In terms of liquidity, the second half of the year will still maintain a loose environment for the total amount, but there are problems of unstable and unbalanced global economic recovery and uncertainty in the development of the epidemic. In the context of asset shortage, equity assets can share the dividends brought by structural economic growth, so residential and overseas funds will continue to pour in.

Profit growth is in the process of recovery, the overall profit growth rate of A-share listed companies matches the nominal GDP growth rate, it is recommended that mature industries pay attention to the competitive landscape in the future, and growth industries pay attention to industry space.

We maintain a positive attitude towards the capital market policy system, because the political status of the long-term healthy development of the capital market that is conducive to the upgrading of China's industrial structure has not changed.

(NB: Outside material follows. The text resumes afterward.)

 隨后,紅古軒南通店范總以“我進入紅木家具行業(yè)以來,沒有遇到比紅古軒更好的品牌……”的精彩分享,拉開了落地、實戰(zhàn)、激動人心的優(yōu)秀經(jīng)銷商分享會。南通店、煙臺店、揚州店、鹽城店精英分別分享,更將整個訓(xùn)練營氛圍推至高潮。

In general, the future structural market will continue, the first half of the year is a bull market in a small number of industries, the second half of the year may be more balanced. Most core asset valuations have now returned to the cheap range, while corporate earnings are expanding. From the perspective of the industry, China naturally has the genes to nurture excellent manufacturing enterprises, and at present, leading companies in multiple segments of the manufacturing industry are forming.

From doing research to investing, I still believe that manufacturing will be a very important fulcrum for the Chinese economy. What are the advantages of China's manufacturing industry? The first is the supply chain and manpower advantages, China's complete supply chain network with both scale and density, and a large group of high-quality engineers.

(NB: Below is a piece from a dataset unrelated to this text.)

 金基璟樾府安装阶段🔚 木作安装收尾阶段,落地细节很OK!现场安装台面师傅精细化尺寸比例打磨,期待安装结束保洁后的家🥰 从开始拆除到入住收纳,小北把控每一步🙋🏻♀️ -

Second, China has the advantage of a single market and comprehensive cost. China's industrial technology and density determine that the cost and benefit of digital applications in the manufacturing sector are relatively high, a large number of 5G-like infrastructure is complete, and the strong scale advantage and low marginal investment are winning in its global competition.

There is also a strong ability to iterate in upgrading. Some leading manufacturing companies have continuously accumulated system capabilities from single products to multiple products, from divisional management to research and development of large-scale companies in Taiwan, so the international comparative advantage is obvious.

A bold conjecture about the car of the future

Electric and intelligent, who will be the core value elements of the future car?

At present, the so-called new energy vehicles are only electric, low-level intelligent vehicles, but in the future, we believe that intelligence other than electric will be the most important value part of the so-called new energy vehicles.

Based on this, we very boldly put forward a conjecture, a question: the current car battery, the future will not be like today's mobile phone display, although it is a very important cost component, but from the perspective of return on investment, it has not brought investors a very large return.

Regardless of whether the panels and batteries are comparable, of course maybe such a comparison is a very big mistake, maybe we made a very bad prediction. But I think it is more certain that the future of smart cars is based on computing, based on intelligence, based on the part that connects with the outside world, based on improving passenger entertainment, comfort, convenience, and even generating new business models, which is the biggest benefit of future smart cars.

I even have a very bold guess that in the field of new energy vehicles in the future, there may be some car manufacturers who bravely abandon their own brands and focus on providing OEM services for brand owners.

In conclusion, I would like to say that we embrace change, but in the end it is still our tradition that can help us go far and steady, that we can go on in a very healthy way and survive on this runway.